Иван обходил гнилые объедки, экскременты, и даже завернутый в покрытые плесенью пеленки, гниющий кусок человеческой плоти. На пути ему в основном попадались пьяницы в изодранных рубахах, которые обтирали углы и стены, ища в них опору для своих, почти истлевших тел.
Отвращение накатывало на Ивана волнами, каждый раз, когда, он видел, что-то до ужаса омерзительное, то жмурил глаза до цветных кругов. Но желание идти дальше и поскорее выбраться отсюда пересиливало тошноту. Он уже сомневался, в том, что найдёт здесь то за чем пришел.
Среди мещан и аристократов ходило множество слухов и домыслов о самом ужасном из районов Царь — Града — Птицыно. Но не многие могли похвастаться подлинным знанием. В основном они все сходились на том, что этот район являлся грязной ямой, где путаны, колдуны и нечистая сила, устраивала оргии. И пересечь мост для обывателя, значило добровольно спуститься в ад.
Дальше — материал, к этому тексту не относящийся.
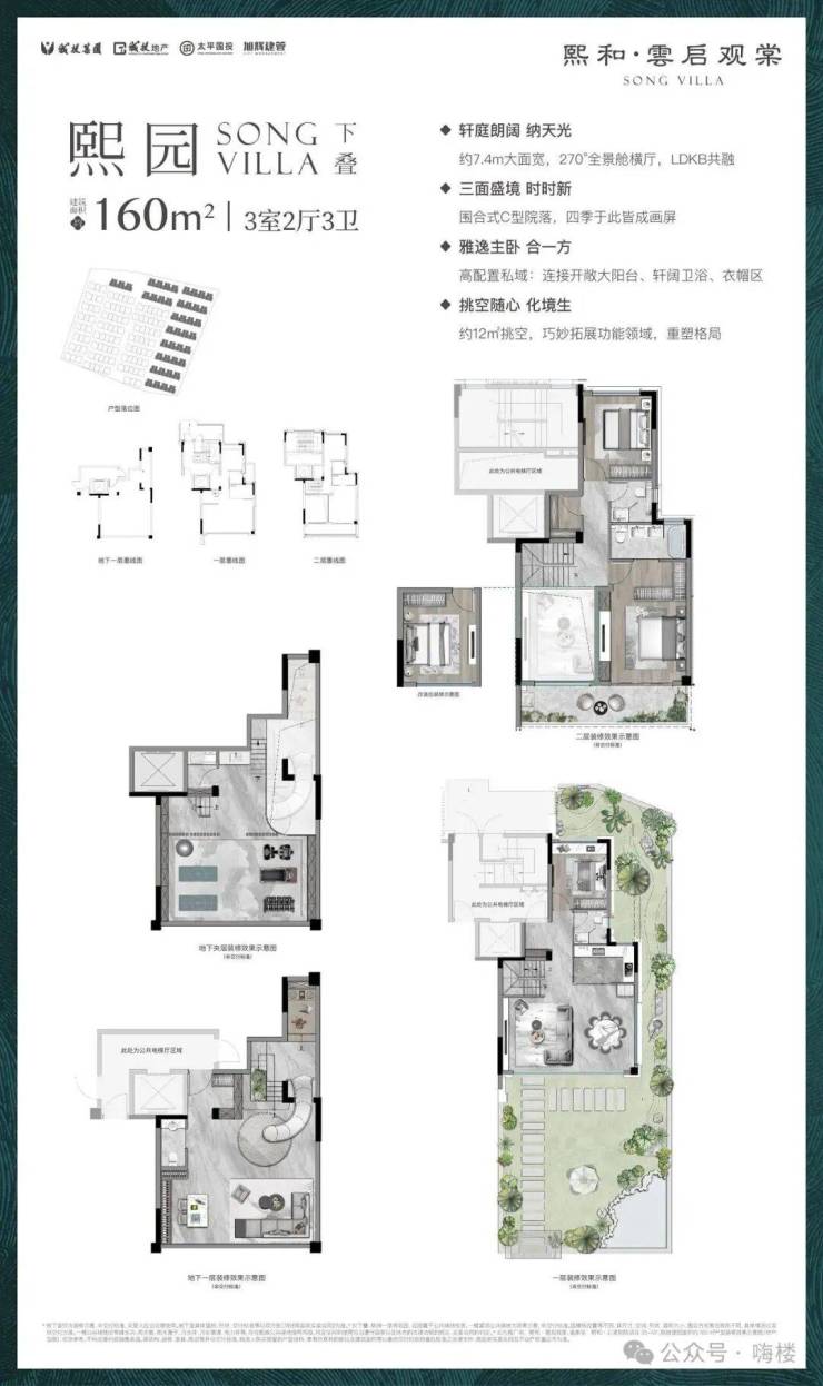 下叠(160㎡):可做4房3卫,面宽7.4米,赠送客厅挑高、围合式C型院落和地下空间。

Что ж, кое в чём злые языки были правы. Птицыно действительно походило на выгребную яму, так же здесь располагалось множества публичных домов (их Иван увидел на самой широкой, видимо, главной улице), а также посвященные, которым страх мешал жить среди людей, забивались сюда, словно крысы в мусорную яму, доживая свой век в нищете и голоде.
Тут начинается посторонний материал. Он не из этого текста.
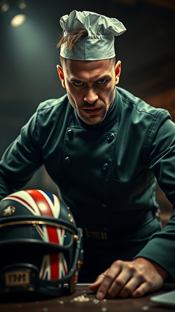 Restaurant energetically intense male chef with brilliantly detailed deep green formal uniform, infused with a Steelpunk aesthetic. Dramatic cinematic lighting captures him from a low angle in a powerful action stance, emphasizing high-resolution facial features with an expression of barely contained fury. His wide-open eyes and raised eyebrow reveal his disdain for the tedious task of food preparation. The background is subtly simple and monochrome, with low contrast and soft noise, enhancing the focus on the chef. A helmet rests beside him, adorned with both the Union Jack and stars and stripes, adding a touch of cultural intrigue. Despite the chaos, the uniform's realistic fabric and folds remain immaculate, creating a masterpiece in 8k resolution. The scene excludes unnecessary distractions, maintaining artistic integrity with a balance of depth and drama.

Иван, конечно, не ожидал увидеть здесь оргий и пиршеств, но и в его сознании не укладывалось то, что Птицыно будет представлять собой трущобы, где главная улица, это скопище трактиров и публичных домов, а все остальное — грязные трущобы, до которых давно желает добраться чума.
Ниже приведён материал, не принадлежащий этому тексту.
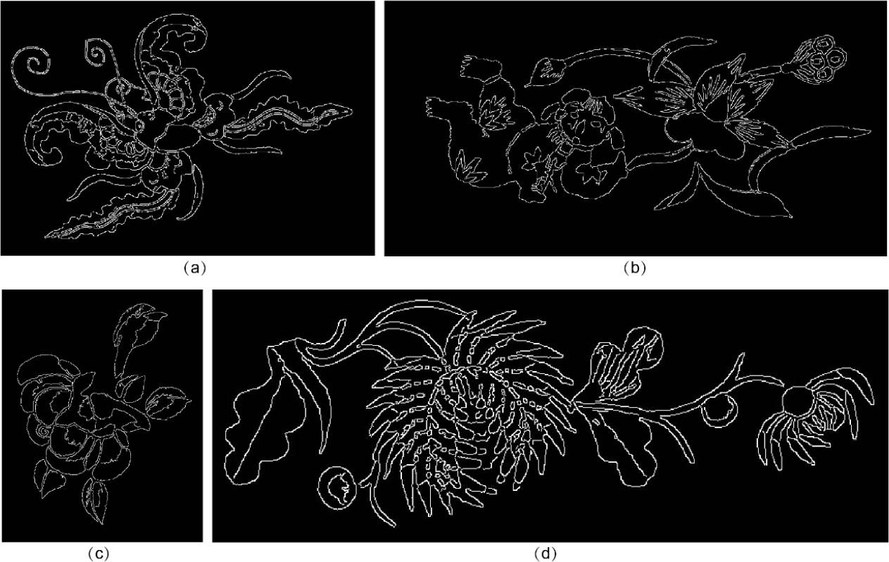 K-means++ clustering parameters were set according to the number of colours in the image and thus were different among images. After many experiments, we tried to combine a variety of high and low thresholds and finally selected 1200 and 200, respectively, which are more suitable for the calculation of embroidery images. Contour extraction after the threshold setting can avoid the extraction of redundant contours (Figure 15).

Иван понял, что, зря подверг себя опасности, и стоит поскорее исчезнуть отсюда, как среди кричащих вывесок публичных домов, он наткнулся на одну простую, в виде летучей мыши.
Она гласила:
Колдовская лавка сударя Ужастина.
Если и здесь не повезёт, решил Иван, то я сразу же уйду и больше не вернусь сюда. Колокольчик над дверью звякнул, и Иван оказался в полутёмном помещении, которое освещало всего несколько свечей. Каждый шаг Ивана отдавался скрипом.
— Добро пожаловать, Ваше Сиятельство, — человек за прилавком говорил дружелюбно, но его лицо было скрыто в тени.
Иван прищурился. Тени, словно покрывало, лежало на полу пустых прилавках, и ничего не удавалось рассмотреть.
— Чего изволите? — поинтересовался, видимо, хозяин лавки.
— Мне нужен пигмент или что — нибудь, что поможет обрести мне признание, — решил не затягивать Иван.
Мужчина помолчал, а затем отступил во тьму. Иван слышал, как дважды скрипнули дверные петли, и свеча вновь выхватила из темноты белые руки владельца и выцветший камзол.
— Пигмента у меня не водится, — сказал мужчина, демонстрируя деревянную шкатулку. — Но если Вам нужно привлечь к себе внимание, то это в самый раз.
Иван подошёл ближе, и заглянул в услужливо приоткрытую владельцем лавки шкатулку. Внутри был белый порошок, ослепительно искрящийся в столь тёмном помещении. Такой мог сделать и Пётр, но вместе с этим появилось бы множество ненужных вопросов.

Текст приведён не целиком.